Tuesday, March 22, 2005

Tragedy conveyed by two numbers

2b This is what the Sovereign LORD says: Woe to the shepherds of Israel who only take care of themselves! Should not shepherds take care of the flock? 3 You eat the curds, clothe yourselves with the wool and slaughter the choice animals, but you do not take care of the flock. 4 You have not strengthened the weak or healed the sick or bound up the injured. You have not brought back the strays or searched for the lost. You have ruled them harshly and brutally. 5 So they were scattered because there was no shepherd, and when they were scattered they became food for all the wild animals. 6 My sheep wandered over all the mountains and on every high hill. They were scattered over the whole earth, and no one searched or looked for them.
10 This is what the Sovereign LORD says: I am against the shepherds and will hold them accountable for my flock. I will remove them from tending the flock so that the shepherds can no longer feed themselves.
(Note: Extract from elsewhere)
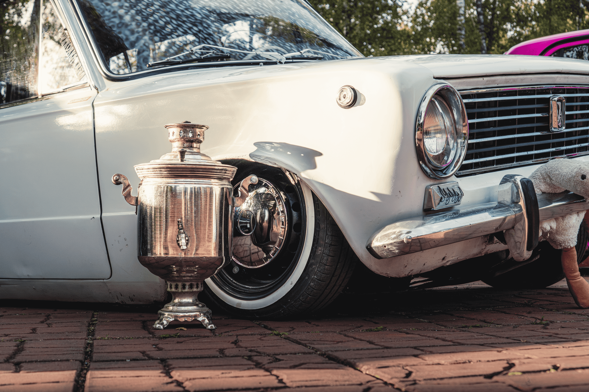 А окружение было действительно интересное: во-первых, придерживаясь названия мероприятия, организаторы расставили по территории стойки с работающими самоварами, а во-вторых, и сами участники делали небольшие экспозиции у своих автомобилей.

I will rescue my flock from their mouths, and it will no longer be food for them.
(Ezekiel 34:2b-6,10, NIV)
30 and 45.

Those are the numbers of worshipers present last weekend at a congregation in suburban Kansas City - one that I was a member of for just over 10 years. Thirty at the first service; forty-five at the second.

Once upon a time, in the 1991-94 time-frame, people in that church thought they would need to expand the sanctuary...there were so many folks, it was gettin' snug in there, at times. But then there were pastoral changes: a beloved pastor retired because of his health; an assistant pastor drew a number of worshipers to a neighboring congregation when he left; and the new senior pastor did some things in the name of "preserving the ancient traditions," which polarized (and ultimately schismed) the church. Lots of things drew the average attendance from over 400 a decade ago down to near 200 by the time I left in July, 2001.

But when my friend visited last week, and told me of the devastation of my former church home, I was stunned. It was like not seeing a favorite aunt for four years, and then to visit and see her dying of cancer. In a way, it felt like what the crew of the Titanic must have felt as they saw its bow sinking lower into the Atlantic..."this can't be happening...I know I expected it to happen, but not so fast..."

I left that church - with a lot of other folks - because of behavior by the senior pastor that many folks felt was unacceptable. Leaving that church was as painful for me as my divorce had been - amputational, at best - but I knew that staying, for me, would have been far worse. So I left, and wished them well. I resolutely put them out of my mind, and moved on to the next community of faith.

My friend spoke for me when she said, "You know, I stopped praying for that bunch a while ago. But I really need to start that up again." Her comment, directed at her own life, burned in my soul, too. So here I am - praying for my former congregation, and for the shepherd who led them to this wilderness.

I've had harder assignments in my spiritual walk, but this one is right up there near the top of the "hardest tasks" list...

3 comments:

Anonymous said...

In the end, we're not praying for a pastor or a congregation. We're praying for the 'rising up' of Christ and for the manifestation of his grace, truth, mercy and love.

It is this 'looking beyond' to Christ that is the sacred ground on which we find forgiveness when, and only when, that ground is walked in absolute trust, having surrendered our desire for restitution.

And no, it ain't always that easy.

the bloke said...

I think I understand where you're coming from. I had to leave a church - and a denomination - that I loved very much when the leadership basically "pushed" me out along with all those that disagreed with them some years ago. I still yearn to be part of that movement because historically I believe it is a movement towards authentic Christianity, but unfortunately, I can't find myself being a part of what it now is - one that is self-serving and stuck in legalism and pride. But who am I to throw stones...

New Life said...

Okay, okay... you just got me to pray for some folks I did not feel like praying for.